One Summer: America, 1927 - Bill Bryson

This book was really interesting, I had no idea all of these things happened in one summer and how huge and impact a lot these events had. In covering the events of 1927, Bryson discusses events before and after 1927 that have a relevant impact on the story giving us a more complete view of the individuals who played such a large role in our social climate. While I appreciated a more complete view, I found the way this story was written to be a bit disjointed at times and slow. I think that some of the more in depth information wasn’t wrapped into the book well which added to the slow feeling (the section on Fordlandia comes to mind, it’s interesting but feels like it doesn’t belong in the book).
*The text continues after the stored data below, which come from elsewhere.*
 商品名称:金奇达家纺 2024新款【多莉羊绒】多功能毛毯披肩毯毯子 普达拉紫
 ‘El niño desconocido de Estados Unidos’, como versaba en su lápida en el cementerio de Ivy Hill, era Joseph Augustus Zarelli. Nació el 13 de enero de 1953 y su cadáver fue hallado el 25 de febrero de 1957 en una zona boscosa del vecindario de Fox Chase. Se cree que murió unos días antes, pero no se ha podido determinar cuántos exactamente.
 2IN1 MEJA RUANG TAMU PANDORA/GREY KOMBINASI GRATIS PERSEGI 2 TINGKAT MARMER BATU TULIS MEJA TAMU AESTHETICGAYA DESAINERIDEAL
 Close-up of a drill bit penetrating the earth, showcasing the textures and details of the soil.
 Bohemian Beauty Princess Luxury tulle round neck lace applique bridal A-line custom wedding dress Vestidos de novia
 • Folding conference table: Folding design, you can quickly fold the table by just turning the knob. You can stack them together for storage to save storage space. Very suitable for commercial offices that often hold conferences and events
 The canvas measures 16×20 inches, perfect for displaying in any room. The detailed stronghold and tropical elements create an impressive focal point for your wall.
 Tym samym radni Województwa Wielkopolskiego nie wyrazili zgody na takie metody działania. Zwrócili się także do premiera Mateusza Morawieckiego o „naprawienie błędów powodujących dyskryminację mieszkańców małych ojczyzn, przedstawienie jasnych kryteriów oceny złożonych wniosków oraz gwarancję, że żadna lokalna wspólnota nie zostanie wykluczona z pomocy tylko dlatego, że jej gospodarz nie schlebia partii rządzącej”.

I listened to this on audiobook in two sessions and I think if I had read this book in smaller chunks reading one person’s story then setting it down and coming back to it I think I would have enjoyed this more.

Paper Girls Volume 2

Paper Girls Volume 2 - Brian K. Vaughan

I loved this volume of Paper Girls. I liked that we started finding more about what is going on in this world. The only thing that kept this from being a 5 stars from me is that I still don’t feel like we learned enough. I can’t wait for volume 3 and finding out more but it’s going to be so long before we get it ughhhh.

Julie and Julia

Julie and Julia : 365 Days, 524 Recipes, 1 Tiny Apartment Kitchen - Julie Powell

I listened to this book, found out it was abridged, came home and read the physical book from my TBR shelf. The idea of Julie’s blog, and from that this book, is something that I was really on board for. The actualization of the book though was a bit painful. It is very easy to see how Julie’s blog did well in the digital medium in a time when blogs weren’t as common. Reading the book felt like I was reading a blog which sort of worked for a memoir, but only sort of. I spent a lot of time in this book wanting to shout “GO TO THERAPY!!!” because a lot of the things that she discusses about her personal life are huge red flags, and honestly write the events of her next book “Cleaving” on the wall. The audiobook cuts out a lot of the more personal things about Julie and her friends which both helps because you lose a lot of the Cleaving foreshadowing, but also cuts out some a lot of friendship and New York atmosphere, which is both helpful and harmful to this story. I thought Julie’s friends were some of the best parts of this story but also it gave a book that was supposed to be about cooking and turned it into Sex in (Long Island) City. Also the way she talked about the status of her apartment made me curious as to why anyone ever ate anything from that kitchen. I wanted to like this book, and it flopped really hard for me.